Boosters wane but showed protection against hospitalization during omicron, CDC


The vaccine was 91 percent effective in preventing a vaccinated person from being hospitalized during the two months after a booster shot, the study found. But after four months, protection fell to 78 percent.

Protection faded more in preventing trips to urgent care and emergency departments, falling from 87 percent in the first two months to 66 percent after four months. After more than five months, vaccine effectiveness fell to roughly 31 percent, but researchers noted that estimate was “imprecise because few data were available” for that group of people.

Protection from the two-dose vaccine regimen has declined since omicron became dominant, but a third dose revs the immune system back up to robust levels to prevent moderately severe and severe disease, an earlier CDC study found.

But how long that third shot’s protection lasts is a critical question facing public health officials because many people received their third dose months ago. Waning immunity after a third shot of mRNA vaccine during omicron has been observed in Israel and in preliminary reports from CDC, the study said. But Friday’s report represents the first real-world data in the United States of the durability of that protection during delta and omicron.

During a White House covid-19 briefing Wednesday, Anthony S. Fauci, President Biden’s chief medical adviser on the pandemic response, said officials will base booster decisions on real-world “efficacy in preventing, for example, hospital visits, as well as hospitalizations.”

“I think you should be appreciative of the fact that when you’re talking about any decisions that will be made — and I’m not anticipating any of that now — but that has to be put into the context of whom you’re talking about,” he said.

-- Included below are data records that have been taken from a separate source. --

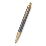 Kuličkové pero Parker Royal I.M. Premium Arrow GT má kovové tělo pokryté lesklým šedým lakem. Úchopová část má zdobnou rytinu se vzorem "šípu" vytvořeným leptáním a je pokovená 23karátovým zlatem. Doplňky jsou pozlacené pomocí techniky PVD. Stiskací mechanismus pro vysunutí velkokapacitní náplně (součástí jedna náplň). Dodáváno s černým pouzdrem a voucherem na kurz Akademie psaní v elegantní dárkové krabičce.
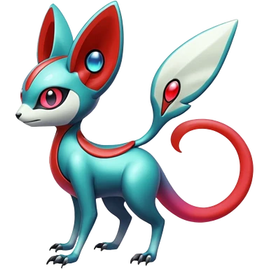 Shiny exotic animalistic feral Colorful glowing glossy smooth soft silky Futuristic Cyber-Vernid-Trico-Meloetta-Latias-Koraidon-Peppercat-Protogen-Pokémon-Digimon-Fakémon-fusion-hybrid-creature emoji
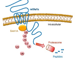 Metabotropic glutamate (mGlu) receptors are a family of G protein-coupled receptors. These receptors are widely distributed in the brain and are critical for the modulation of synaptic transmission and plasticity. Emerging evidence shows that mGlu receptors themselves are subject to a dynamic posttranslational modification involving protein ubiquitination.
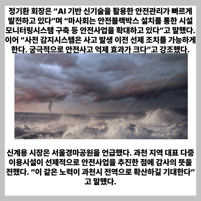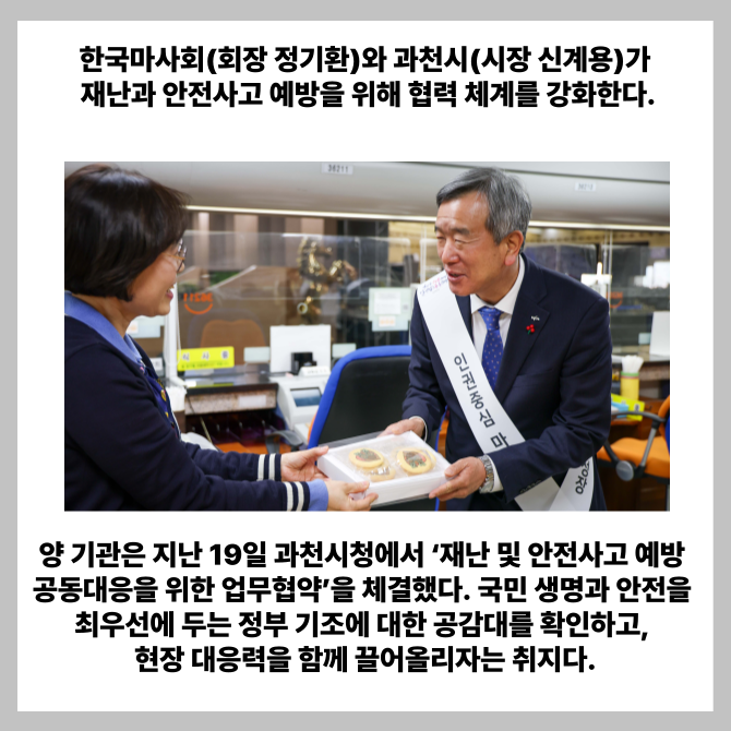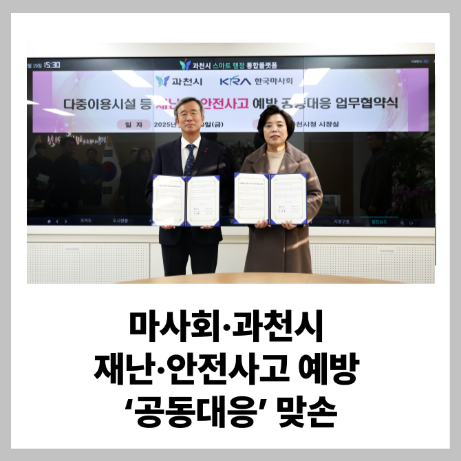 [프라임경제] 한국마사회(회장 정기환)와 과천시(시장 신계용)가 재난과 안전사고 예방을 위해 협력 체계를 강화한다고 22일 밝혔다.
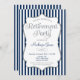 Um elegante convite de festas de aposentadoria com marinho azul e listras brancas com falso quadro de sotaque brilhante prateado e texto de marinho e cinza prateado. Este convite à reforma sofisticado e na moda é uma forma rico de honrar esse convite, que em breve será reformado e profissional. Para uma versão surpresa, basta clicar no botão Personalizar e adicionar uma linha de texto na parte inferior que diz "Shhh...é uma surpresa!"

“There may be the need for yet again another boost — in this case, a fourth-dose boost for an individual receiving the mRNA — that could be based on age, as well as underlying conditions,” Fauci said.

Waning protection after a third vaccine dose “reinforces the importance of further consideration of additional doses to sustain or improve protection against COVID-19-associated” visits to emergency departments and urgent care and hospitalizations, the study said.

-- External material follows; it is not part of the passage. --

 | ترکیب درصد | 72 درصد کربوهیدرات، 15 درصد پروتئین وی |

In a statement, CDC said boosters are “safe and effective” and the study shows that a third dose of mRNA vaccine “continues to offer high levels of protection against severe disease, even months after administration, underscoring the importance of staying up to date when eligible after receiving a primary series.”

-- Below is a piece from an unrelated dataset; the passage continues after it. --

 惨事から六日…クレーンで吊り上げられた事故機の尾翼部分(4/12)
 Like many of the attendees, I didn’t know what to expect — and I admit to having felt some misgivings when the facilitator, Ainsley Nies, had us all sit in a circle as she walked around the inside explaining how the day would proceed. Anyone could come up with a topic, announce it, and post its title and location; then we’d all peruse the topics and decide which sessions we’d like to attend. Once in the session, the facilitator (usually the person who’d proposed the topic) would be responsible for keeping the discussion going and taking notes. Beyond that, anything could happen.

Coronavirus cases spiked globally in the first weeks of 2022, despite record-high vaccination rates. Here’s how the omicron variant took off. (Jackie Lay, John Farrell/The Washington Post)

Since September, federal health officials have urged people to get the third shots. CDC recommends booster shots for everyone 12 years and older, five months after getting two doses of the mRNA vaccines made by Pfizer-BioNTech and Moderna, or two months after a single dose of the Johnson & Johnson vaccine.